BORDEAUX: L'incendie d'une rare intensité qui a consumé 42.000 hectares en Gironde, dans le sud-ouest de la France, depuis le 22 juillet est "toujours stabilisé" mercredi matin, selon la préfecture, mais les fortes chaleurs et le vent attendus dans la journée menacent d'alimenter de nouvelles reprises des flammes.

"La nuit a été calme, le feu est ce matin toujours stabilisé avec plusieurs reprises de feu traitées rapidement cette nuit", a annoncé la préfecture de Gironde, une semaine après le début du plus gros incendie de forêt à ravager la France depuis 1949, où environ 50.000 hectares avaient été calcinés.

"La surface brûlée n'a pas évolué", a précisé la préfecture, mais les conditions météorologiques restent "défavorables" mercredi, avec des températures attendues en hausse : jusqu'à 41°C dans les terres et 38°C sur le littoral.

La Gironde et le département voisin des Landes sont placés en vigilance orange canicule à partir de midi, de quoi assécher encore une végétation prompte à s'enflammer.

Le dispositif d'avertissement français comprend quatre niveaux, de vert (pas de vigilance particulière) à rouge (vigilance absolue) en passant par jaune et orange.

Outre la chaleur, le vent risque de souffler sur les braises et alimenter de nouveau l'incendie.

Les autorités s'attendent dès le début d'après-midi à des vents d'ouest avec des rafales de 30 à 45 km/h, et un taux d'humidité en baisse. Un risque d'orages est annoncé pour jeudi.

Au regard de ces conditions météorologiques, les sapeurs-pompiers de Gironde ont alerté sur un "risque de reprise de feux extrêmement élevé" dans la journée.

La veille, elles avaient conduit à l'évacuation préventive de 4.000 touristes des campings et résidences de vacances de la station balnéaire de Lacanau, à 50 km à l'ouest de Bordeaux.

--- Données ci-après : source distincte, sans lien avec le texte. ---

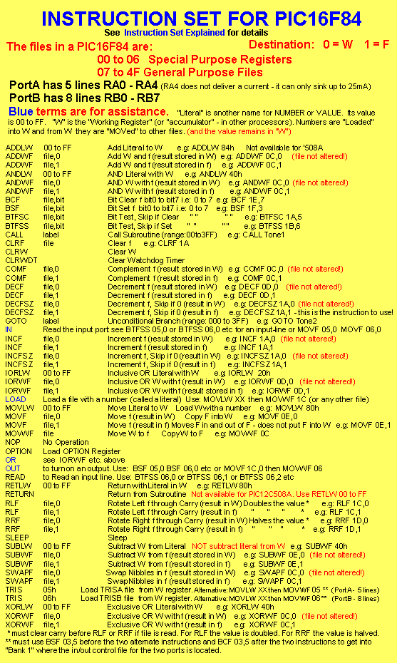 INSTRUCTIONS ADDWF PCL,1 ADDWF 02,1 Alter the program counter to create a jump CLRF INDF,1 CLRF 00,1 Clear INDIRECT file INCF FSR,1 INCF 04,1 Increment the File Select Register INTCON address is either 0Bh or 8Bh - it is mapped at both locations. BCF INTCON,RBIF Clear RB<7:4> Port-change Interrupt flag BSF INTCON,RBIF Set RB<7:4> Port-change Interrupt flag BCF INTCON,RBIE Disables the Port-change Interrupt BSF INTCON,RBIE Enables the Port-change Interrupt BCF INTCON,INTE Disables the RB0/INT Interrupt BSF INTCON,INTE Enables the RB0/INT Interrupt BCF INTCON,T0IE Disables the TMR0 Interrupt BSF INTCON,T0IE Enables the TMR0 Interrupt BCF INTCON,EEIE Disables the EE write complete Interrupt BSF INTCON,EEIE Enables the EE write complete Interrupt BCF INTCON,GIE Disables all Interrupts BSF INTCON,GIE Enables all un-masked Interrupts OPTION address is 81h - use the word OPTION OPTION,0 OPTION,1 OPTION,2 Prescaler Rate Select Bits
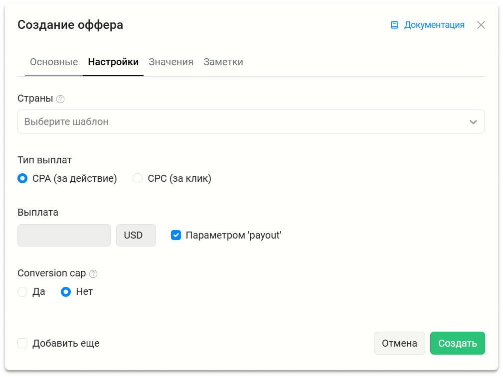 Поле используется как заметка. Указанные страны помогают быстрее подбирать подходящие офферы для потоков. Для таргетинга трафика по странам используйте фильтры в потоках.
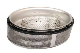 - Iekšējam traukam ir rieva, kurā varat ieliet alu, vīnu vai marinādi. Virs rievas var izvietot cepšanai sagatavotus dārzeņus. Trauka centrā ir degšanas kamera.
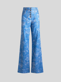 Flared-leg jeans in slightly stretchy cotton- and linen-blend denim with all-over floral jacquard motif. This five-pocket pair is fastened with metal buttons embellished with the Pegaso logo. • Regular fit • High waist • Five-pocket model • Fastened with Pegaso buttons • Made in Italy • The model is 5' 9½" (176 cm) tall and wears a size 26 PRODUCT DETAILS • 62% cotton, 37% linen, 1% elastane
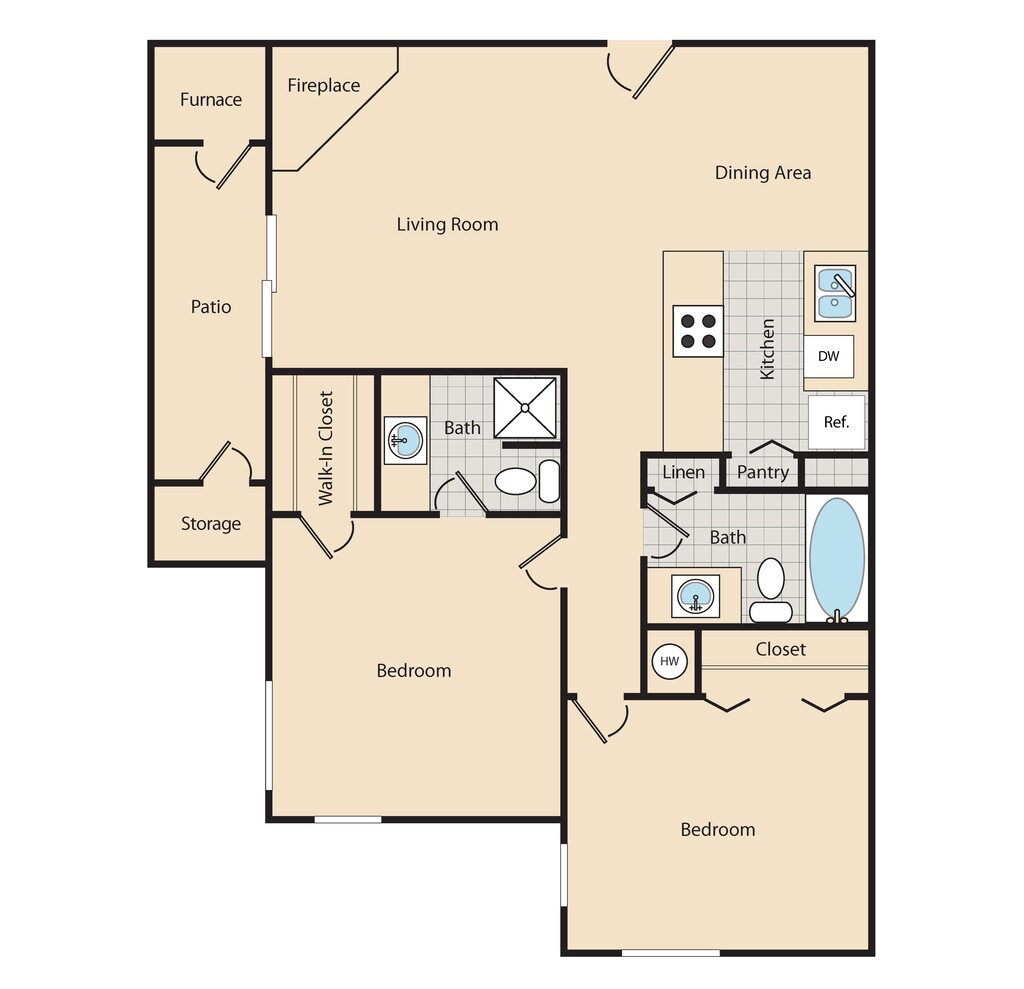 2 Beds, 1 Bath, 744 sq ftAvailable NowModel Gallery
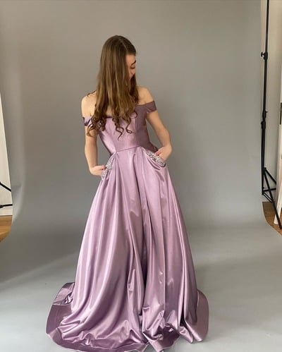 LP1305,Gorgeous A Line Off the Shoulder Purple/Navy Long Prom/Evening Dress
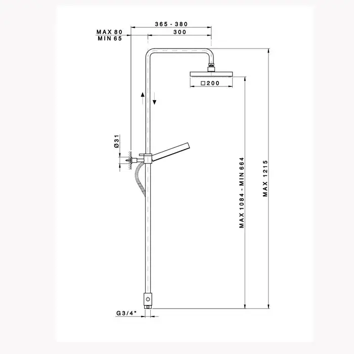 Nicolazzi Doccia Душевая стойка с квадратным верхним душем 20 см, цвет: хром 5715WSCR20
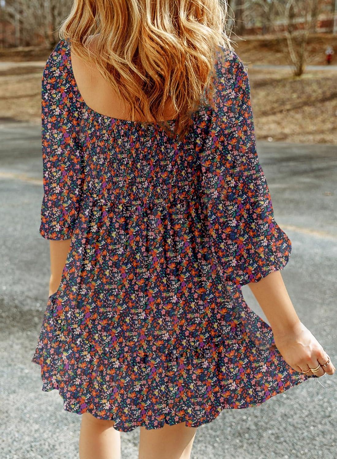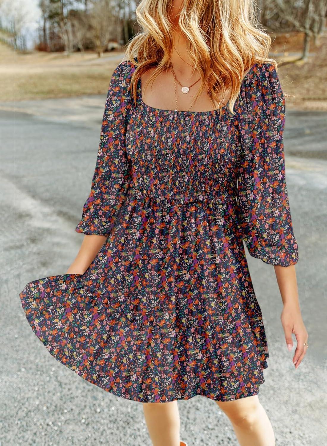 Dokotoo Fall Dresses for Women 2025 Boho Floral Square Neck Smocked 3/4 Sleeve Casual A-Line Swing Mini Dress Sundress(Blue)
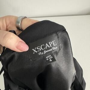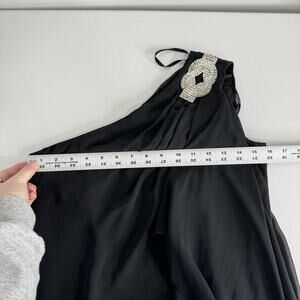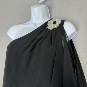 XSCAPE Dress Womens 4 Black One Shoulder Rhinestone Sash Gown Evening Formal
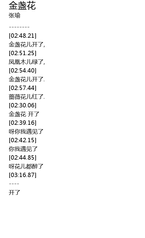 | [00:39.96] | jīn zhǎn huā ér kāi le. |
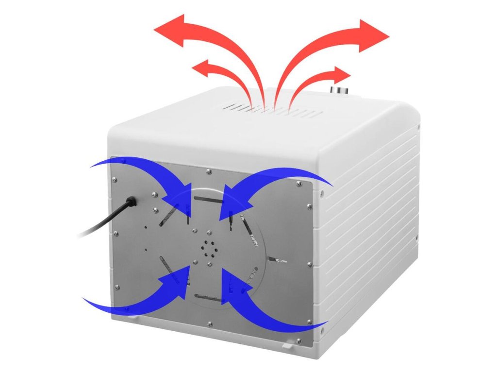 Integrovaný ventilátor s priemerom 17 cm zaručuje rovnomerné sušenie na všetkých poschodiach
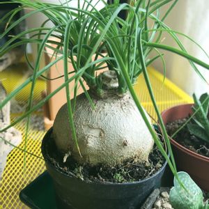 おはようございます! 少し雲ってますね! トックリラン植え替えと下葉を整理して、化粧直し完了です! トックリがヒビヒビ~!
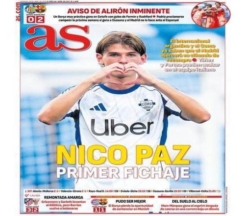 本周日,《阿斯》報以頭版頭條形式預告阿根廷中場天才尼科·帕斯回歸皇家馬德里的可能。據悉,皇馬方面已決定激活體育城青訓出身的帕斯回購條款,而在科莫練級有成的帕斯,似乎終于等到了伯納烏的垂青之日。
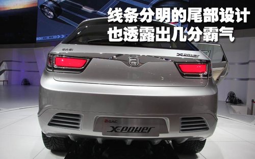 從尾部看上去,廣汽X-power概念SUV的線條非常分明,但由于尾燈的配合,顯得非常霸氣。這款SUV的尾燈采用紅色的設(shè)計(jì),四周配備了鍍鉻裝飾條,而且尾部還設(shè)計(jì)了擾流唇和造型獨(dú)特的排氣口。
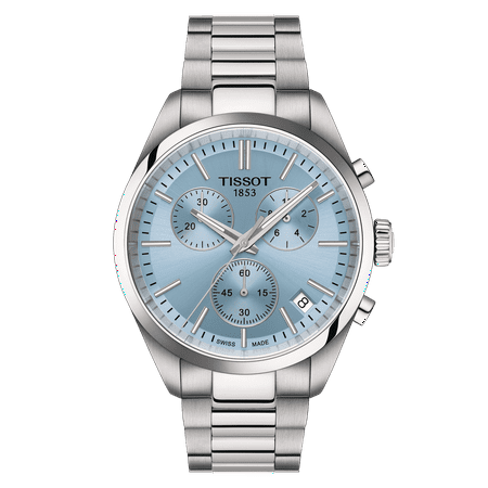 Brand New Authentic Tissot PR 100 Chronograph Quartz Ice Blue Dial Steel Men's Fashion Watch Model T150.417.11.351.00. Brushed and Polished Stainless Steel case with Brushed and Polished Stainless Steel Bracelet watch band. Brushed and Polished Stainless S...
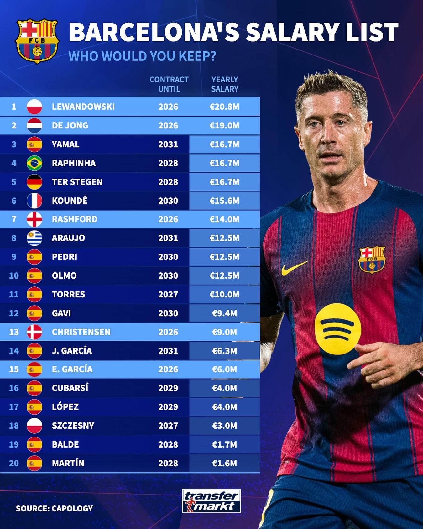 德转发布巴萨年薪&合同时长:莱万、德容等四人进入合同年

Depuis le début de cet incendie hors-norme, 222.000 personnes ont été évacuées de manière préventive dans 24 communes du secteur.

Mardi soir, 57.000 habitants de trois villes proches de Bordeaux évacués dans le week-end ont pu rentrer chez eux, a indiqué la préfète du département Sophie Brocas.

Un chantier colossal de 127 kilomètres de "coupes tactiques", quasiment achevé, vise à priver ce feu, d'origine accidentelle, de "combustible" et empêcher sa progression, selon l'association Défense de la forêt contre les incendies de la région aquitaine (DFCI).

"126 sapeurs-pompiers ont été blessés depuis le début de cet évènement", a indiqué la préfecture.

Ces derniers jours, le sud-est du pays a aussi été touché par plusieurs incendies, en Corse, dans les Hautes-Alpes et dans le Var.